《not因果》

ボタンを押せば躊躇なく引き金が引かれる。悲鳴やら唸り声が響き渡り、目の前の敵がいとも容易く死んでいく。今のところ殺せる見込みのない担任も、このゲームのキャラクターのように簡単に死なないものかとカルマは思った。ガチャガチャとボタンを連打する音に交じって、階段を降りてくる音が聞こえてきた。


「ちょっと学校に行ってくるねぇ」


二階から降りてきたのはカルマが選んだ服に身を包んだ因果だ。


「何しに行くわけ?」

「理科のノート忘れたのー。無いから勉強進まなくてさぁ」

「ふーん…精々あのデブに捕まらないように気を付けなよ」

「んー、いってきまーす」


あのデブ、というのは昨日来たばかりの鷹岡のことだ。軽い返事をして出て行った因果を横目に、カルマはまたテレビゲームに集中した。



***



教室に入るとそこには誰も居なかった。外を見れば校庭に生徒が集まっており、今は体育の授業中のようだ。因果は自身の机から目的のノートを取り、一応顔を出しておこうと教員室に向かった。


「あ、烏間センセー。おはよぉー」

「おはよう。…その格好ということは授業を受けに来た訳じゃないな?」

「まーね、ノート取りに来ただけだしぃ。…センセ、元気ないね?」

「…そう、見えるか?」

「んー、何となくねぇ?」


確かに鷹岡が来たことによって自身の教育方針について悩んでいた烏間は、自分の弱った姿を因果に見抜かれたことに僅かながらも己を恥じた。どこか気まずさを感じ、ふと視線を校庭へと向けた烏間の目に飛び込んで来たのは、前原の腹部に蹴りを入れる鷹岡の姿だった。


「……あいつ…!!」


更に鷹岡は神崎の頬を平手打ちし、あまりの強さに彼女の身体は力無く地面に倒れた。


「因果!絶対に外には出るな!」


目の前でクラスメイトを殴られ怒りに震える因果に釘を刺した烏間は慌てて外に駆け出した。
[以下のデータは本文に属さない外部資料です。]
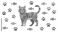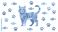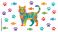 • Colorful geometric cat surrounded by cute fish and paw prints, abstract polygon animal vector illustration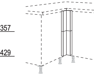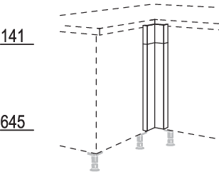 XL-Winkelpassstück Frontmaterial, variabel von 50 - 170 mm, Planmaß: 630 - 750 mm. 1. Maß = links, 2. Maß = rechts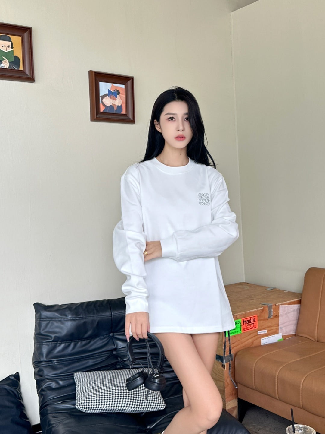 Loewe 胸口小LOGO 刺繡 長T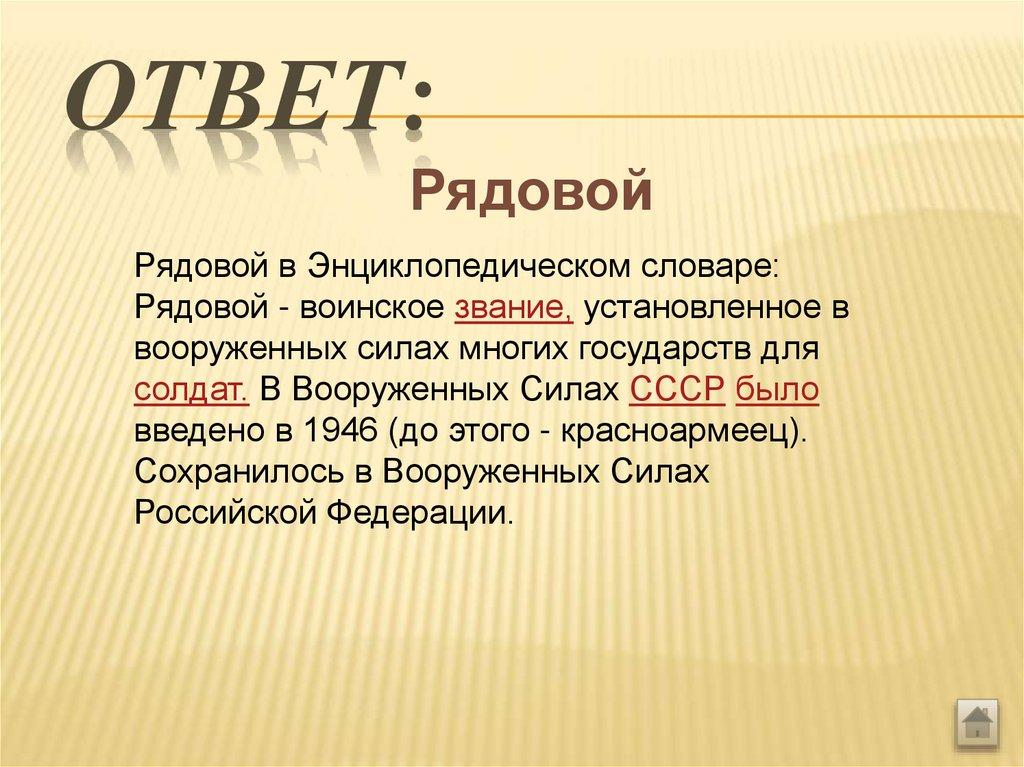 Рядовой в Энциклопедическом словаре:

殺せんせーが帰って来ても鷹岡を止めることは出来ず、暴力で支配された授業が続く。いくら烏間に出るなと言われても大切なクラスメイトがボロボロになっていく姿をただ見ているだけなのは堪えられなかった因果は意を決して外に出た。


「烏間センセー」

「っ…因果。出るなと言っただろう」

「だってぇー…」

「鷹岡が何をしようが奴の所には行くな」

「…んー……」


曖昧な返事をする因果に対し、烏間はどこか不安そうだ。そしてすぐにその不安は現実のものとなる。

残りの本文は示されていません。